Thanks for the fascinating read.

[phasetrans]

...Not a widely quoted article.  (John Vanderkooy is a highly respected guy in audio and acoustics.  He doesn't often contribute to magazines.)
https://keith-snook.info/wireless-world-articles/Wireless-World-1976/Wideband%20compander%20design.pdf

Rob,

I enjoyed this article quite a bit, especially as someone who has spent almost no time thinking about compressor design. I can see how the IL300 would trigger the memory.

I have a different question about Vanderkooy article, namely in the control voltage circuit, not the gain circuit.

How common is his configuration of A3 and R1 for draining the C1 capacitor in other designs? Similarly, how common is the bridging D5 diode for faster response to dramatic level changes?

[Rob Strand]

How common is his configuration of A3 and R1 for draining the C1 capacitor in other designs? Similarly, how common is the bridging D5 diode for faster response to dramatic level changes?

I'd call it a known but not that common configuration.

The discharge actually depends on the input level.  For the same average discharge behaviour the resistor values needs to be a smaller value than a simple resistor to ground connection.  The question is, once you do that, does it sound better or worse?   There's so many minor variations on these things.

A lot of compressors deliberately have a non-precision diode drop in the rectifier to get a softer compression knee.

[phasetrans]

How common is his configuration of A3 and R1 for draining the C1 capacitor in other designs? Similarly, how common is the bridging D5 diode for faster response to dramatic level changes?
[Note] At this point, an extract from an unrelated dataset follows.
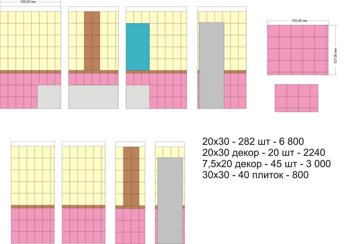 Подобным образом можно рассчитать количество керамики для любых помещений и стен. Делайте это любым удобным способом. Для исключения ошибки профессионалы советуют сделать раскладку на бумаге и сверяться по ней при расчётах. Обязательно укажите припуски и толщину швов. И не забудьте про рекомендуемый запас 10 %.

I'd call it a known but not that common configuration.

...

A lot of compressors deliberately have a non-precision diode drop in the rectifier to get a softer compression knee.

Rob, is there a canonical discussion of control voltage rectifiers and attack release approaches?

2 decades behind mixing desks, and most of the things that matter in a compression are in the profile of the control voltage attack and release.

[Rob Strand]

Rob, is there a canonical discussion of control voltage rectifiers and attack release approaches?

2 decades behind mixing desks, and most of the things that matter in a compression are in the profile of the control voltage attack and release.

Not really.

For rectifiers it's all over the place.   The basic forms are some electronics texts, Linear Tech and Analog devices applications.  There were quite a few examples in magazine articles and books by Jerald Graeme from the 70's.   These are just rectifiers in isolation.   To keep things simple just pick a form and run with it.

A detailed analysis of compressors is in this article.   However he only goes through a few scenarios.  This is a "pure" design without adding diode drops to mess with the control profile.
https://web.archive.org/web/20160607164247/http://ajoliveira.com/ajoliveira/gen/pdf/preprints/paris88.pdf

The NE571, NE570 datasheets and appnotes are always good value.  So too are a lot of stuff from That corporation.  It can take some time understanding the rectifiers in those because they are tricky ways of getting rms converters.

If you look at all the variations it's actually an enormous amount of effort to evaluate.   I did a lot of stuff in the 90's.   The control profile is very different for feedforward and feedback.   A simple linear rectifier can produce infinite compression on feedforward but you need a very sharp characteristic to get that with feedback - for example the Dyna Comp rectifier uses the VBE characteristic,  very sharp on/off, and it produces a limiting character (with practical signal levels it reaches something in the order of 10:1 as the exponential characteristic never gets to be vertical.)